Девка затихла, с любопытством, исподлобья, как бычок, рассматривая его. Потом вздохнула:
— Ну черт с тобой. Исса, на хрен. Понадают имечек маманьки. Я вот — хорошо!.. плод высрала — и выкинула на хрен в мусорник! Ну в контейнер! Мне плевать. Подберут — подберут! Помрет — значит, туда и дорога! Еще и называть! Еще и кормить! Чем кормить-то б я стала, скажи?!
Он не мог ничего сказать. Молчал. Сидел перед нею, как подсудимый перед судьей. Видел, как лицо ее вдруг стало масленым, преображенно-умильным, из грубого и наглого — нежным и тонким, заманивающим. Даже беззубая, дикая и горькая улыбка помстилась ему сладкой, виноградной, мятной. За стенами вокзального дворца глухо и торжественно грохотали поезда. Иногда они тягуче, тоскливо гудели, будто жаловались; будто корова ревела в стойле одна, без быка. И теленочка на убой увезли, на зимний рынок.
— Ты, это, Исса! — Рыжая голова вся внезапно осветилась, осиялась будто неземным светом — это мимо вокзальных окон по первому пути медленно, призрачно проехал тепловоз и хищными фарами выхватил из тьмы девкино веснушчатое, голодное лицо с чернильным пятном на щеке. — Ты это, при бабле чувак? Знаешь что! Идем со мной!
— Куда идем? — спросил он и закрыл глаза, и с закрытыми глазами вся жизнь во тьме светлой молнией выблеснула. Потом опять открыл. Мир был все тот же, а он был иной. — У меня свой путь.
— Брешешь, паря! — выкрикнула девка и сделала из трех пальцев увесистую фигу. — Меня встренул — значит, никакого твоего путя уже нет! А есть только наш совместный!
Дико, будто давилась хлебом или костью, захохотала, и что— то перекатывалось у нее в горле, звенело железом о железо, хлюпало, квакало. Она раздавила папиросу в детских пальцах, и он глядел, как медленно падают на солдатский мрамор вокзальных плит искрошенные в пыль табачные листья.
— А тебя-то как зовут?
— Меня-то? Манька. Манька с мыльного завода!
Он погладил ее по искусанной, исцарапанной, в синяках, руке. Она дернулась, как под током. Приблизила к нему лицо, и он услышал странный, ладанный тонкий запах, исходивший от ее волос, от цигейки воротника.

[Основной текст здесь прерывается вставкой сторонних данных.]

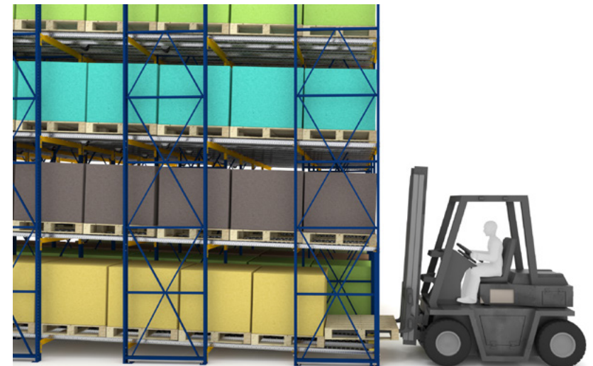
Plugging the System

— Ты… Исса или как там тебя. Ну, перепихнемся. Я недорого беру. Всего пейсят. Ну это ж копье. Нет проблем! Давай, валим… ну пейсят-то у тебя ж всяко-разно есть… валим на пути, там товарняк давно стоит… я там приноровилась… там солома внутри, мешки всякие… удобно, ё…
Встала, схватила его за руку — крепко, не вырвешься. Он поправил на груди кожаный мешочек с россыпями нефрита, с мелкой росой янтаря. Тащит куда-то, и сильно, будто лошадь — плуг! Он нащупал ремень на плече: поклажа его с ним, все в порядке. Они оба, взявшись за руки, как дети, пробежали через весь зал, где кто спал, кто тоскливо пялился в морозное окно, кто играл в карты, кто жевал сало со ржаным хлебом; а кто-то и железнодорожную курицу ел и закусывал соленым помидором; а кто-то и водочку втихаря хлебал из горла, согревался, даром что потеплело, да к ночи опять может колотун завернуть.

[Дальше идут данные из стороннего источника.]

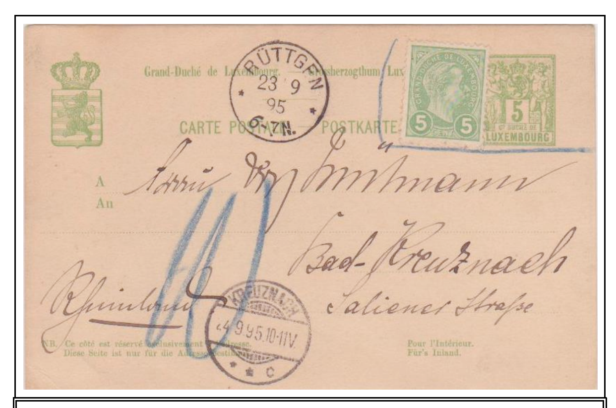
Type 3 — Luxembourg Franking Used Abroad

T-3 — Illegal Use in Germany: Attempted use of a five-centime 1882 Allegory postal card uprated with a 5-centime 1895 Adolphe definitive to pay postage from Rüttgen to Bad-Kreuznach, Germany, September 23, 1895. At that time, Rüttgen was part of the German Lorraine, on the German side of the border with Luxembourg. Today it is part of France and known by its French name, Roussyle-Village.

Сибирь все ж таки, ядрена вошь. Не Сирия.
Они вылетели, две железные стрекозы, на грязный привокзальный снег, и девка ловко, увертливо поволокла Иссу сначала вдоль фешенебельных, синих и гладких, как дельфины, намытых-начищенных вагонов, потом наклонилась, больно ударила его по спине: нагнись, мол, тоже! — и под вагоном юрко проползла, как ласка; извернулась, протянула ему руку, будто вытаскивая из проруби. Из иордани.
— Чо копаешься! И со мной так же будешь ковыряться?! Ну-у-у, старичо-о-о-ок…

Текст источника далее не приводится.